(Stored data)
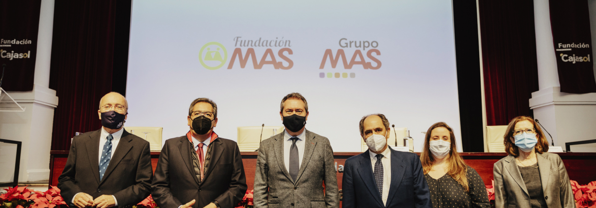 Luis Miguel Pons, director Fundación MAS; Antonio Pulido, presidente Fundación Cajasol; Juan Espadas, alcalde de Sevilla; Vicente Martín, presidente Grupo MAS y Fundación MAS; Cecilia Romero, Coordinadora MAS Solidario, y Emilia Barroso, directora de Bienestar Social del Ayuntamiento de Sevilla.
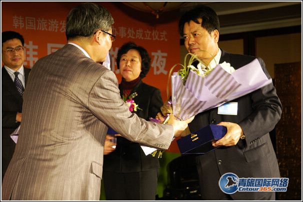 韓國觀光公社向沈陽青旅頒發(fā)感謝牌,沈陽青旅董事長倪琛善先生上臺領(lǐng)獎
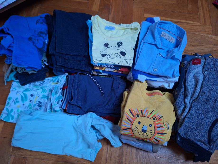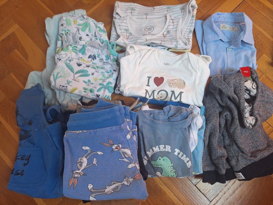 1 piđama duga, 1 piđama kratka, 1 kombinezon, 2 bodija kratkih rukava, 8 bodija dugih rukava, jakna, ogrtač 7 hlača dugih, 2 kratkih, 5 kratkih majca, 8 duga majca, 1 košulja duga ZARA, hudica S. Oliver
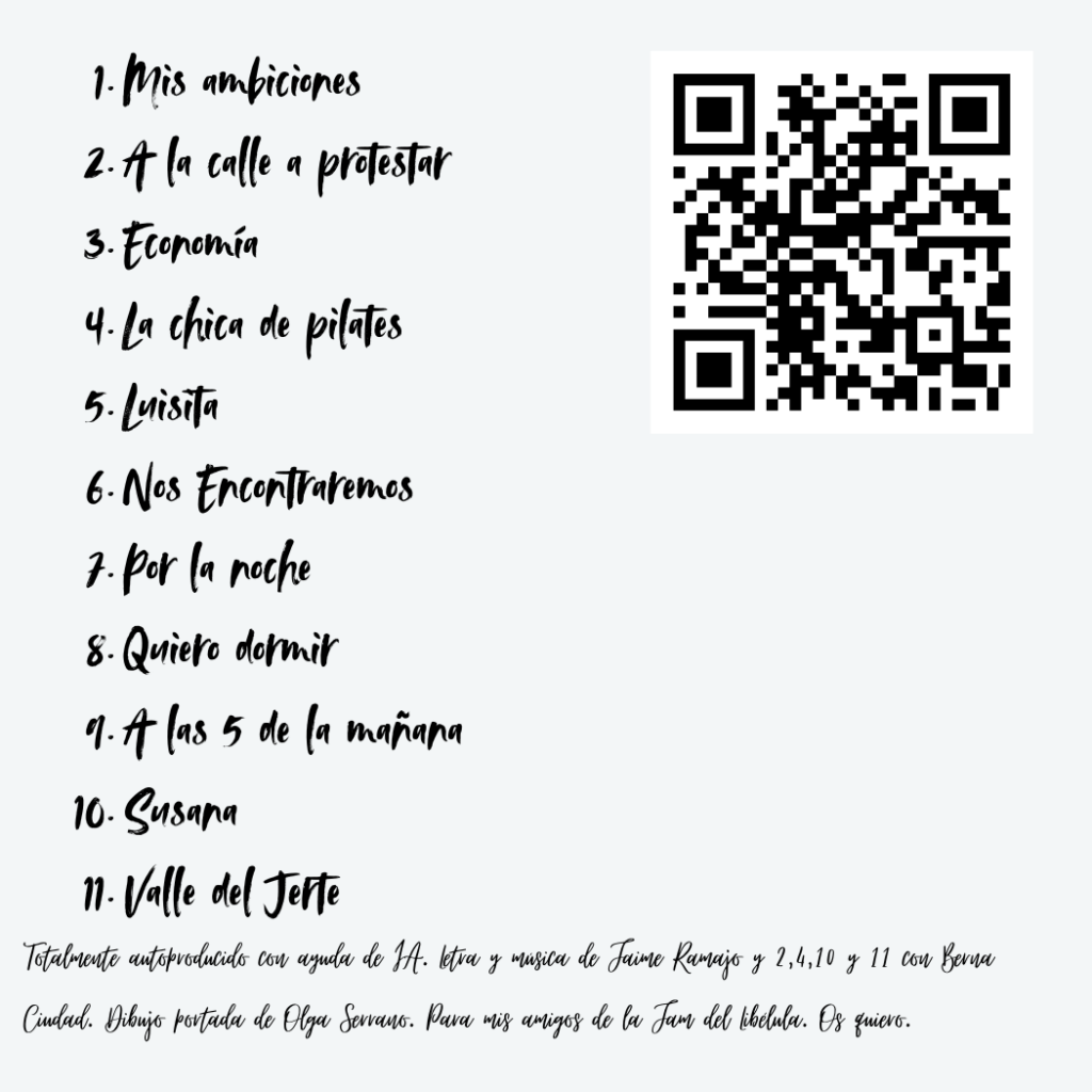 Música y letra mías, muchas con Berna Ciudad, la producción y masterización, por IA. Un pequeño homenaje a mis compañeros y amigos de la Jam, que han dado tanto. Portada de Olga Serrano. Os quiero. Un abrazo.
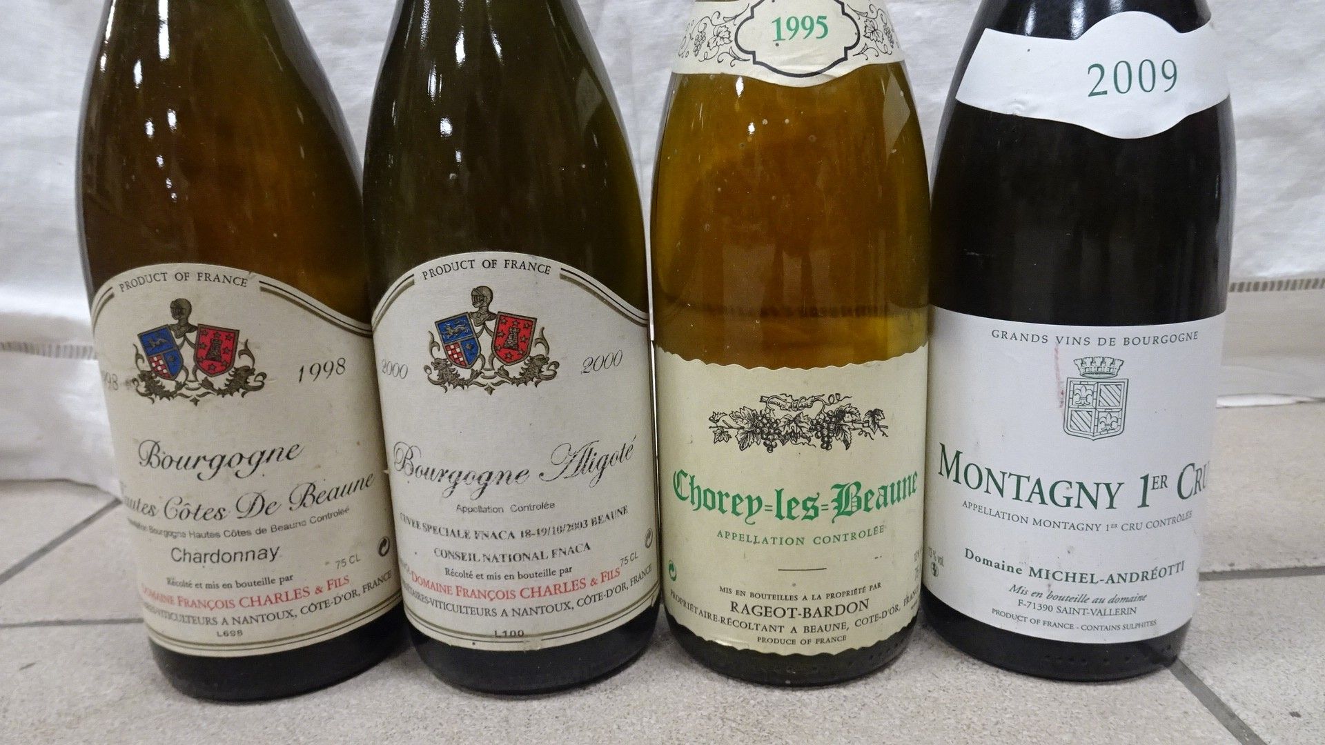 Lot de 4 Bts blanc : 1/Hautes Côtes de Beaune + 1/Aligoté. Charles. 1998/2000 + 1/Chorey les Beraune. Rageot Bardon. 1995 + 1/Montagny. Andreotti. 2009

● Work item
What is needed is an exact copy of the lines from the beginning of the data through the line containing "1 piđama duga, 1", both included, without any pictures.

● Result of the task
 Luis Miguel Pons, director Fundación MAS; Antonio Pulido, presidente Fundación Cajasol; Juan Espadas, alcalde de Sevilla; Vicente Martín, presidente Grupo MAS y Fundación MAS; Cecilia Romero, Coordinadora MAS Solidario, y Emilia Barroso, directora de Bienestar Social del Ayuntamiento de Sevilla.
 韓國觀光公社向沈陽青旅頒發(fā)感謝牌,沈陽青旅董事長倪琛善先生上臺領(lǐng)獎
 1 piđama duga, 1 piđama kratka, 1 kombinezon, 2 bodija kratkih rukava, 8 bodija dugih rukava, jakna, ogrtač 7 hlača dugih, 2 kratkih, 5 kratkih majca, 8 duga majca, 1 košulja duga ZARA, hudica S. Oliver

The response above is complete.